Task directions: From the entries below, print exactly the span beginning with the line holding "На кадрах из" and ending with the line holding "Hätte nicht gedacht, dass", endpoints included, and skip any pictures.
+++ Dataset records +++
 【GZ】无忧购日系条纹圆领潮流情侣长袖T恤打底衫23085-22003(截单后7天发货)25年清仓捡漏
+++
+++ Dataset records +++
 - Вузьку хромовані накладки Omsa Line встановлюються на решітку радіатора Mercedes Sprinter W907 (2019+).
+++
+++ Dataset records +++
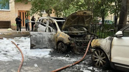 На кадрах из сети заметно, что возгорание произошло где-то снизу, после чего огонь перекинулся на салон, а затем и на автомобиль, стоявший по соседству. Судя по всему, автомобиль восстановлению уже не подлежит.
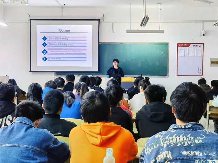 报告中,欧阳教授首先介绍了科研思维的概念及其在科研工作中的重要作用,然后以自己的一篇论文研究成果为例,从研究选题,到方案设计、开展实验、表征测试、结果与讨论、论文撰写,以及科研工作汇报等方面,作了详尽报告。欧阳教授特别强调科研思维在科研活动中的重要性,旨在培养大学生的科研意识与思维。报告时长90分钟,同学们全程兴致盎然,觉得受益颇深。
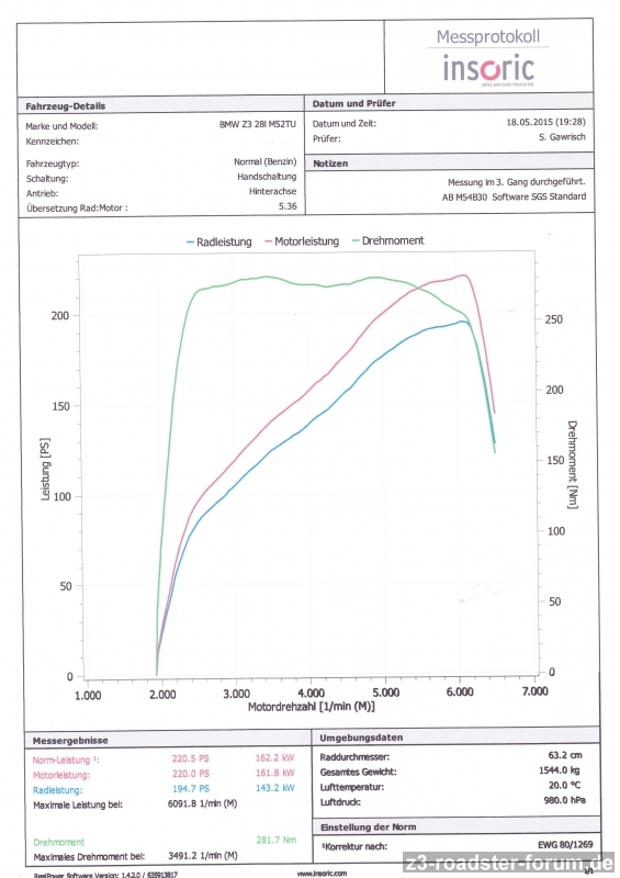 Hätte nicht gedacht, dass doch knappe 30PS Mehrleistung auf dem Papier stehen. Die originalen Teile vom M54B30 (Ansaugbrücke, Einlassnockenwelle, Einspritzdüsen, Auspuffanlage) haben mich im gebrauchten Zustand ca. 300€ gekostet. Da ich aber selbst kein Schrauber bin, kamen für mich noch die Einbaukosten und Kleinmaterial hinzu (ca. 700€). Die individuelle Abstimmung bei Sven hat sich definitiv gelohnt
+++
Written answer:
 На кадрах из сети заметно, что возгорание произошло где-то снизу, после чего огонь перекинулся на салон, а затем и на автомобиль, стоявший по соседству. Судя по всему, автомобиль восстановлению уже не подлежит.
 报告中,欧阳教授首先介绍了科研思维的概念及其在科研工作中的重要作用,然后以自己的一篇论文研究成果为例,从研究选题,到方案设计、开展实验、表征测试、结果与讨论、论文撰写,以及科研工作汇报等方面,作了详尽报告。欧阳教授特别强调科研思维在科研活动中的重要性,旨在培养大学生的科研意识与思维。报告时长90分钟,同学们全程兴致盎然,觉得受益颇深。
 Hätte nicht gedacht, dass doch knappe 30PS Mehrleistung auf dem Papier stehen. Die originalen Teile vom M54B30 (Ansaugbrücke, Einlassnockenwelle, Einspritzdüsen, Auspuffanlage) haben mich im gebrauchten Zustand ca. 300€ gekostet. Da ich aber selbst kein Schrauber bin, kamen für mich noch die Einbaukosten und Kleinmaterial hinzu (ca. 700€). Die individuelle Abstimmung bei Sven hat sich definitiv gelohnt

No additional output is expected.